Awesome; thank you @clarkbw for your personal involvement and supervision on this issue.
I'm sure everyone here appreciates that ❤️
@clarkbw sorry for hijacking the thread, but this is kind of related to this issue; are public GH package (docker) registries still on the radar?
I'm running into the same issue pulling images from a secured bintray repository. I'm using docker registry secrets in k8s, and the config works in docker for mac/windows however fails with microk8s using containerd:
Warning Failed 6s (x2 over 20s) kubelet, username-virtualbox Failed to pull image "host.bintray.io/my-image:1.0.0.0-alpine": rpc error: code = Unknown desc = failed to pull and unpack image "host.bintray.io/my-image:1.0.0.0-alpine": failed to copy: httpReaderSeeker: failed open: unexpected status code https://host.bintray.io/v2/my-image/manifests/sha256:XXXXX: 401 Unauthorized - Server message: unauthorized: Unauthorized
Following the thread in this issue I can't figure out is the problem with the container registry or is it with containerd?

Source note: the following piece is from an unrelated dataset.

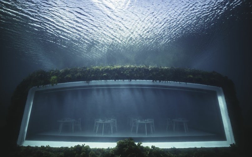 Vijf meter onder de zeespiegel dineren? Dat kan in Under, het eerste onderwaterrestaurant van Europa in Lindesnes, Noorwegen, ontworpen door architectenbureau Snøhetta. Ook voor maritiem onderzoek biedt het gebouw nieuwe mogelijkheden. Een waterdichte betonnen schaal vormt het casco. Het beton is in het werk gestort nabij de locatie en met behulp van een hijskraanschip naar de zeebodem gedrukt en verankerd.

The issue of direct sha access is with our current Docker offering. I've connected nearly everyone who reached out from this thread to the fix we have running. Please reach out to me clarkbw@github.com and I can get you setup as well. Hopefully soon we'll be able to have a public offering here.
I'm getting the following error when trying to pull with miicrok8s.

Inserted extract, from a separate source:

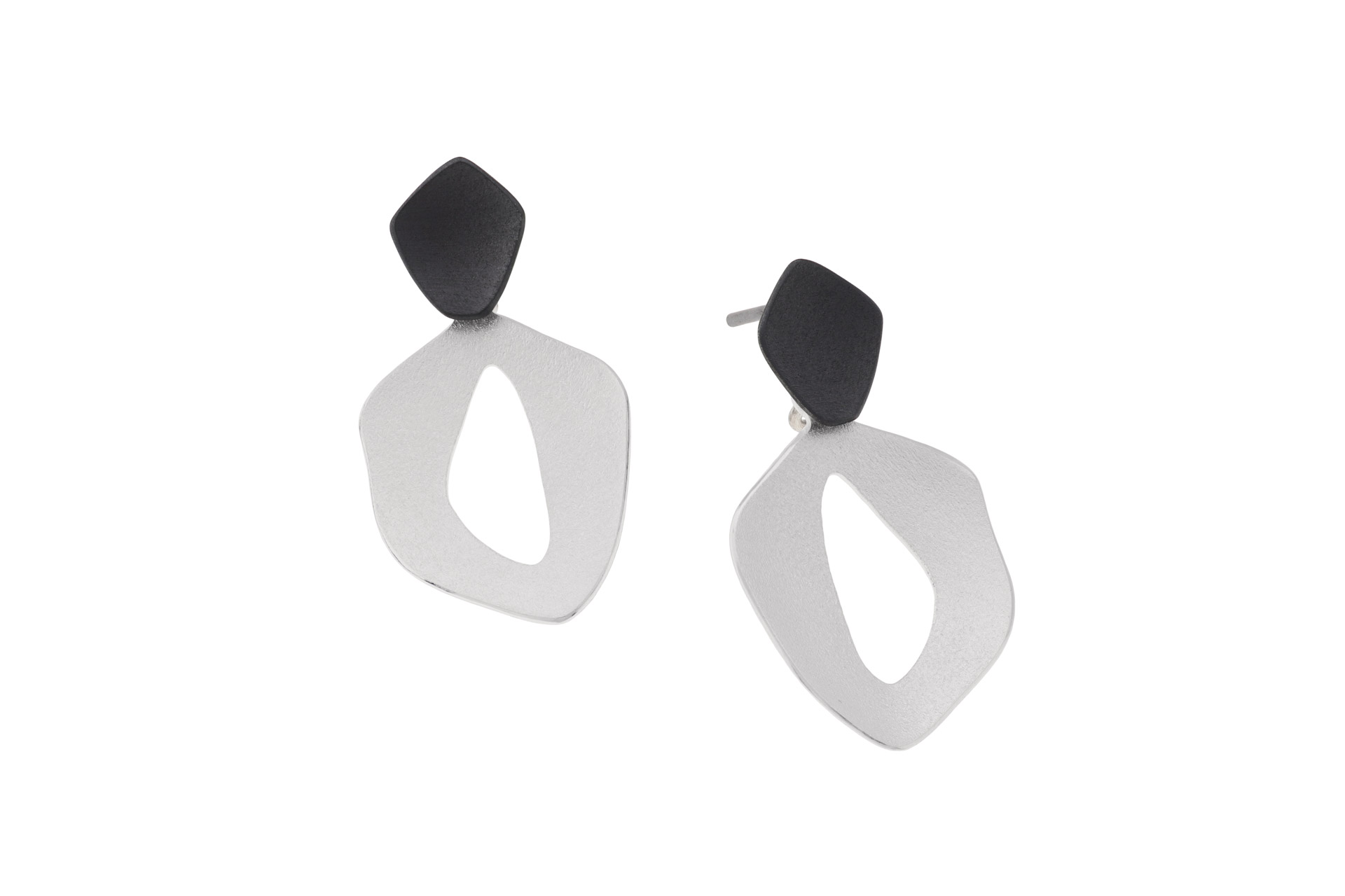 Earrings - Floral Black & Silver

Failed to pull image "docker.pkg.github.com/resplendent-data/front-end/frontend": rpc error: code = NotFound desc = failed to pull and unpack image "docker.pkg.github.com/resplendent-data/front-end/frontend:latest": failed to copy: httpReaderSeeker: failed open: content at https://docker.pkg.github.com/v2/resplendent-data/front-end/frontend/manifests/sha256:XXXX not found: not found
Doing a docker pull works fine.
Hello, can anyone provide feedback on the private beta?
Does it involve some workaround / changing anything on your side? Or will it just fix your/your organization's Github and work as expected?
Thank you.
@clarkbw I'm still waiting fort the invite 🙏
Hello, can anyone provide feedback on the private beta?
Does it involve some workaround / changing anything on your side? Or will it just fix your/your organization's Github and work as expected?
Thank you.@clarkbw I'm still waiting fort the invite 🙏
It has been great for me! I had to change references to the new location, and get my kubernetes regcred working, but the beta itself is working smoothly.